Thermodynamics of AlN Formation in High Manganese-Aluminum Alloyed Liquid Steels

Abstract

The AlN solubility product in liquid iron containing manganese up to 22 mass% were measured by the metal-nitride-gas equilibration technique in the temperature range from 1823 to 1873 K. Manganese significantly increased the AlN solubility product in liquid iron primarily due to the large effect of manganese on the nitrogen solubility. Using the Wagner’s formalism, the experimental results were thermodynamically analyzed to determine the thermodynamic interaction parameters between manganese and aluminum in high Mn–Al alloyed liquid steels as follows;   

1. Introduction

Recently, a series of new advanced high strength steels (AHSS) have been developed for the future automotive industry. They provide an excellent combination of high strength, high ductility and high formability over conventional steels. Among these steel grades, high manganese (up to over 20 mass%) and high aluminum (up to 2 mass%) containing twining induced plasticity (TWIP) steels received much attention because of their superiority of mechanical properties.^1,2,3)

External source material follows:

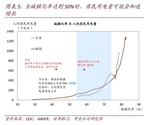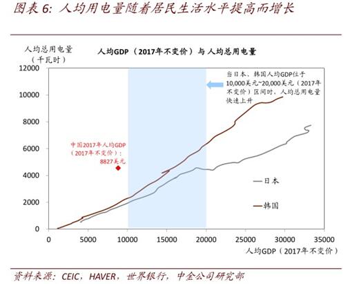 此外,相比歷史數(shù)據(jù),現(xiàn)今消費(fèi)電子產(chǎn)品快速的滲透可能進(jìn)一步推高居民用電的潛力。參照韓國和日本在城鎮(zhèn)化率和人均GDP與中國水平相當(dāng)時的經(jīng)驗(yàn)來看,我們預(yù)計(jì)未來幾年中國居民用電增速將保持在均年均10%左右的水平。

While much study has been carried out on the material properties in theses steel grades, the influence of non-metallic inclusions on the properties of those steels has been noted recently. Gigacher et al.⁴⁾ and Park et al.⁵⁾ characterized the inclusions formed in solidified high Mn–Al alloyed steels (10–25 mass%Mn, 1–6 mass%Al). They classified the main endogenous inclusion types observed in solidified steel samples as AlN, Al₂O₃ and MnO·Al₂O₃ inclusions with MnS edge. Yin characterized the inclusions formed in as-cast high-Al TRIP steel slabs containing 1.2 mass%Al and 33 mass ppmN by the remelt button technique.⁶⁾ He observed large crystalline AlN inclusions up to 10 μm as dominating inclusions in solidified steel samples. AlN is considered as a detrimental phase for the hot ductility of the steels.⁷⁾

These studies provided useful information on the characterization of inclusions in high Mn–Al alloyed steels. However, the specific effects of those alloying elements at high concentration on the formation of AlN inclusions are still unknown. In order to control the formation of AlN inclusions based on the supersaturation of those alloying elements during cooling and casting of liquid steels, it is essential to have accurate thermodynamic data of those elements in liquid steels as a function of melt temperature. In the authors’ recent studies,^8,9) the thermodynamics of Fe–Al–N and Fe–Al–N–AlN systems was studied using the metal-gas-nitride equilibration technique in the temperature range from 1823 to 1973 K. The effect of manganese on the nitrogen solubility in Fe–Mn–N and Fe–Mn–Al–N melts was also studied.¹⁰⁾

In the present study, the effect of manganese on the AlN formation in high Mn–Al alloyed liquid steels were determined over wide ranges of manganese content and temperature. Using the Wagner’s formalism,¹¹⁾ the thermodynamic interactions between manganese and aluminum were determined from the experimental results. The interaction parameters determined in the present study were used to construct the AlN stability diagram for a typical TWIP steel (Fe-20 mass%Mn-1.5 mass%Al–N) as a function of melt temperature. In order to check the validity of the AlN stability diagram, an experiment was carried out to observe under what condition AlN forms on cooling at controlled aluminum and nitrogen contents in the melt.

2. Experimental

2.1. Experimental Procedures

The metal-nitride-gas equilibration experiments were carried out to determine the AlN solubility product in Fe–Mn–Al–N melts. Detailed descriptions of the experimental apparatus and procedure are available in the authors’ recent studies on Fe–Al–N and Fe–Al–Si–N systems.^8,12)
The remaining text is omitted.